Religion in the Public Domain

In recent weeks, I’ve had a few posts about religion, and I’ve tried to apply economic concepts to them. This is another one. As before, I ask you bear in mind that I am trying to treat the concept with respect, and I ask that you do the same in comments. I note that this is the hardest of these posts I’ve had to write because a lot of this just doesn’t sound respectful to me no matter how I write it. Still, I think the question is worth discussing… its been raised by others before.

Today’s LA Times had a nice column by Tim Rutten about religion in the public sphere especially as it pertains to Romney. Rutten writes:

“Still, it’s been nearly half a century since our political journalism has witnessed anything quite as breathtakingly noxious and offensive as the current attempt to discredit Mitt Romney, a potential Republican presidential candidate, because the Massachusetts governor is a Mormon.”

Now, the likelihood that I would vote for Romney is very close to nil, but that is because I don’t trust what we already know about his economic policies. I don’t care if he’s a Mormon, Catholic, Southern Baptist, Methodist, Muslim, Jew, Atheist or whatever else, I am not voting for someone who brings on board the likes of Mankiw or Hubbard unless the other guy appears to be GW-incompetent.

Now, why would the fact that Romney is a Mormon be a problem for many voters? Well, I could think of several reasons:

1. If a Mormon has a false belief, it means that he/she doesn’t have the True Faith, whatever that might be. Presumably, those guided by the True Faith are more likely to make good decisions than those guided by false beliefs.
2. Some testable aspects of LDS doctrine do not appear to match what is observed in the real world. I understand, for instance, that genetic tests of Native American populations have proven to be a source of controversy within the LDS community as of late.

With respect to item 2, this is not unique to the Mormon faith. I would think it is not irrational to believe in the concept of a Deity; I don’t think we are anywhere close to being to formulate a testable hypothesis, much less prove that one exists or doesn’t exist. However, most Holy Books provide a lot more than a statement that a Deity exist – they provide some description of that Deity and of events that occurred. Some of those descriptions of events do provide testable hypotheses, and it seems every Holy Book has some aspect that is embarrassing and/or seems to contradict known facts.

Which is not necessarily a problem for faith (or Faith). Contradictory evidence may be an act of some adversary to the Deity, or a test by the Deity, or simply one of those things that is not knowable. But that presents the first problem with respect to faith in the public arena. If a person is willing to accept something that contradicts what is out there simply as a matter of faith, why not accept other things as a matter of faith? In fact, there are plenty of people like that in the field of economics already – the story tellers with the pretty theories that just don’t apply to the real world gain new adherents every day. Why is it acceptable to refuse to vote for someone because they believe, without any evidence or despite contradictory evidence, that cutting taxes beyond a certain point will lead to faster economic growth or humongous surpluses as far as the eye can see, when it is not acceptable to vote for them because they believe, without any evidence or despite contradictory evidence, that [insert favorite story from favorite Holy Book here]?

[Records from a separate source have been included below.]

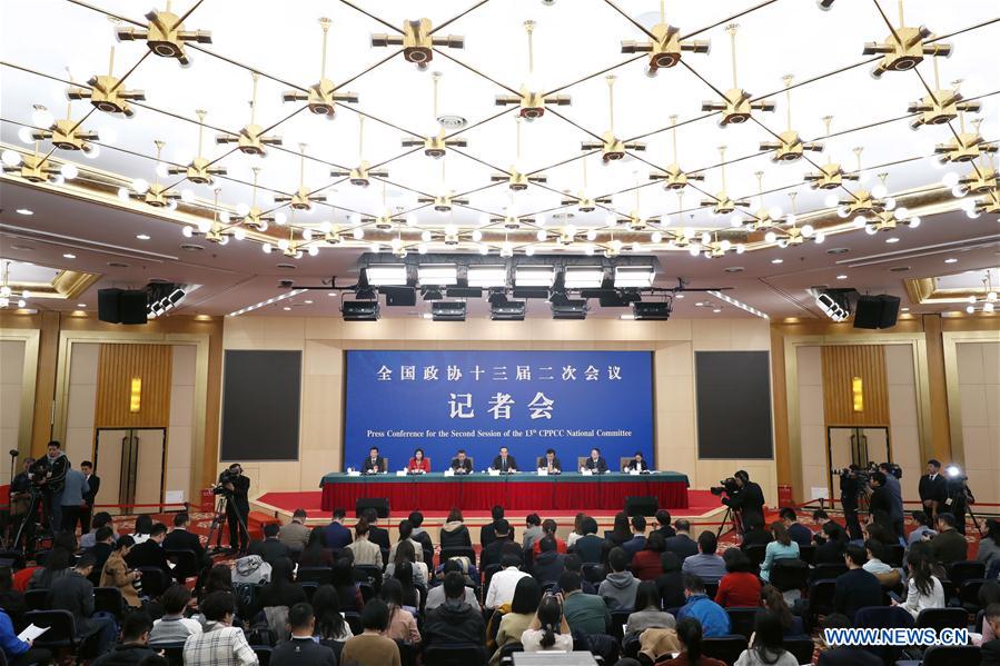 Liu Shijin, Nan Cunhui, Ye Qing, Zhou Hongyi and Zhou Qunfei, members of the 13th National Committee of the Chinese People's Political Consultative Conference (CPPCC), attend a press conference on optimizing the business environment and facilitating the high-quality development of the private sector for the second session of the 13th CPPCC National Committee in Beijing, capital of China, March 6, 2019. (Xinhua/Shen Bohan)
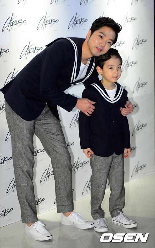 22일 오후 서울 동대문 디자인 플라자에서 열린 '2014 F/W 서울패션위크' 장광효 컬렉션에 참석한 김형규가 아들과 포토타임을 갖고 있다.
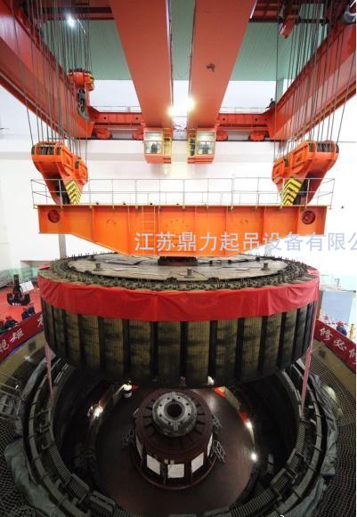 能吊起600噸重量的神器你見過嗎?去年11月陜西某水電站4號(hào)發(fā)電機(jī)轉(zhuǎn)子起吊。這個(gè)轉(zhuǎn)子自重600噸,加上吊具共653噸,是該廠機(jī)組最重的大型部件。在兩臺(tái)天車同時(shí)發(fā)力下,經(jīng)過3次起吊試驗(yàn)后,轉(zhuǎn)子從基坑內(nèi)緩緩吊出并穩(wěn)穩(wěn)的落在安裝間的轉(zhuǎn)子支墩上,等待工作人員開展下一步檢修工作。
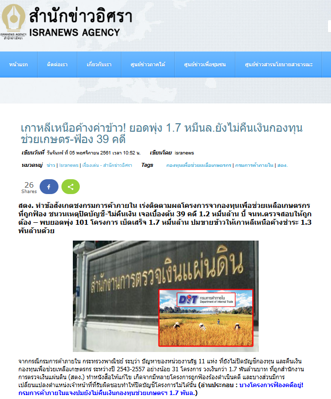 สำนักข่าวอิศรา รายงานข่าวเกาหลีเหนือค้างค่าข้าว! ยอดพุ่ง 1.7 หมื่นล.ยังไม่คืนเงินกองทุนช่วยเกษตร-ฟ้อง 39 คดี
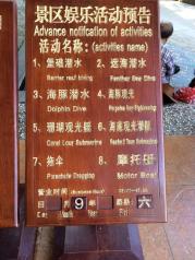 个人比较喜欢分界洲岛,蓝天碧水沙滩,很惬意,就是什么也不做也很舒服的。推荐先去海洋馆,都是养在海里圈起来的,算是比较有特色,最不能错过的是表演,很精彩。其他时间可以去潜水,玩玩海上游乐。
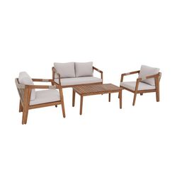 Les + produit :Structure en bois d'acacia écoresponsablesAssise confortableCoussins de dossier épaisDossier et accoudoirs avec cordageApportez une touche d'élégance et de confort à votre extérieur avec notre salon de jardin, parfait pour tous vos moments de détente. Sa structure en bois d'acacia, p
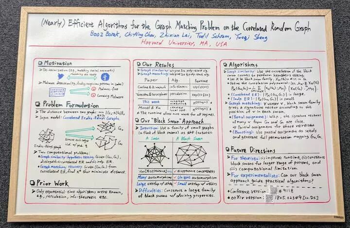 - 本届NeurIPS 上我最喜欢的海报展示:(Nearly) Efficient Algorithms for the Graph Matching Problem on Correlated Random Graphs,论文地址:https://arxiv.org/abs/1805.02349
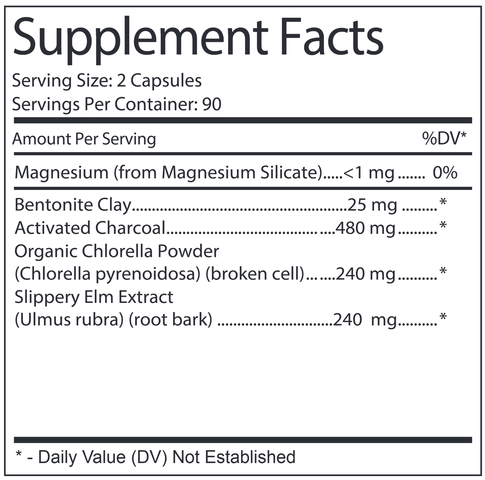 We’ve included activated charcoal, chlorella, and bentonite clay to soak up and bind the toxins so they can be moved out of the body while decreasing absorption. Slippery elm bark has been included to support gut regularity.
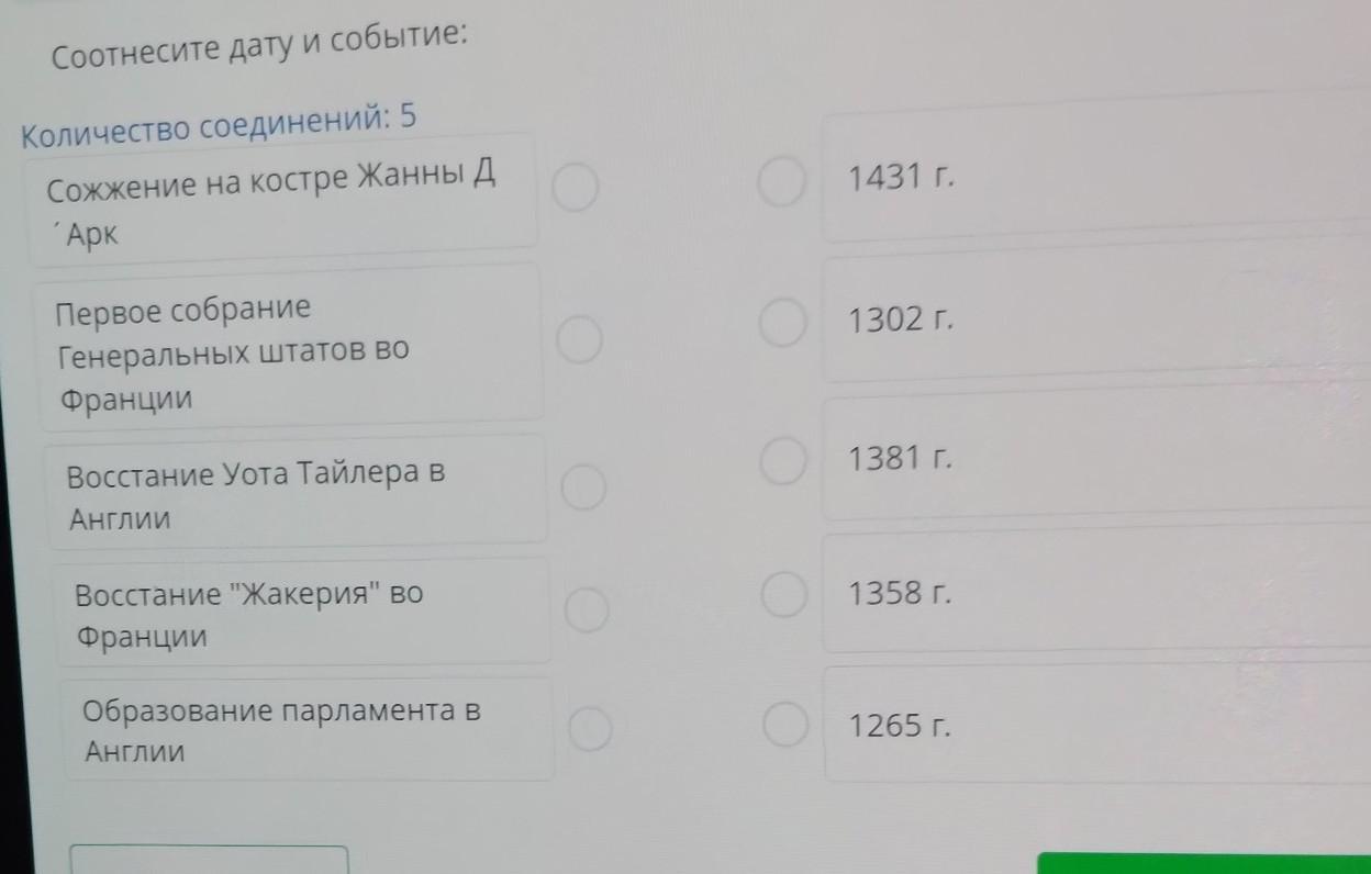 Сожжение на костре Жанны Д “Арк 1431 r. Первое собрание Генеральных штатов во Франции 1302 r. Восстание Уота Тайлера в Англии 1381 r. Восстание "Жакерия" во Франции 1358 r. Образование парламента в Англии 1265 r.

And we are also more accepting of beliefs that are held by many than beliefs that are held by a few. A person who states they believe the Universe was created 6,000 years ago, or that evolution is a myth is accepted by most voters. On the other hand, most of us feel that a person who states they believe the Universe was created 1,000 years ago, or 20,000 years ago, is just plain crazy. The difference between 6,000 years, and 1,000 or 20,000 is simply that many people accept 6,000. Similarly, a person who claims that the Universe is 6,000 years old, but not that it was created by a Deity called “God” is likely to be considered crazy as well; 6,000 years works for a Universe created by God, but not otherwise.

Put another way, if there were only 100 Mormons in the US it would be acceptable to make fun of Romney’s beliefs and to refuse to vote on him based on them. But that sentence could easily have been modified… the words Southern Baptist, or Muslim, or Jew might easily have appeared instead of Mormon.

An alternative reason for accepting faiths that somewhat contradict the existing data is that perhaps much of what is in the Holy Books is not intended to be taken literally. This too has a problem… if, as we do in this country, one accepts as rational the belief that God specifies that one should not eat cheeseburgers, should we also accept it as rational that its OK to each cheeseburgers because someone who used to persecute God’s followers decided that cheeseburgers was OK 2,000 years ago?

Then there’s the issue of True Faith versus false beliefs. Presumably, if one has a True Faith, it makes little sense to vote for someone with a different belief if a believer in the True Faith is running for office.

Anyway, I really don’t know where I’m going with this. Every place I can see this essay leading is very uncomfortable, and I’ve probably been sufficiently offensive so far, though it hasn’t been my intent. So perhaps its best to take a step back for a moment, and see what you all think. Please keep it respectful.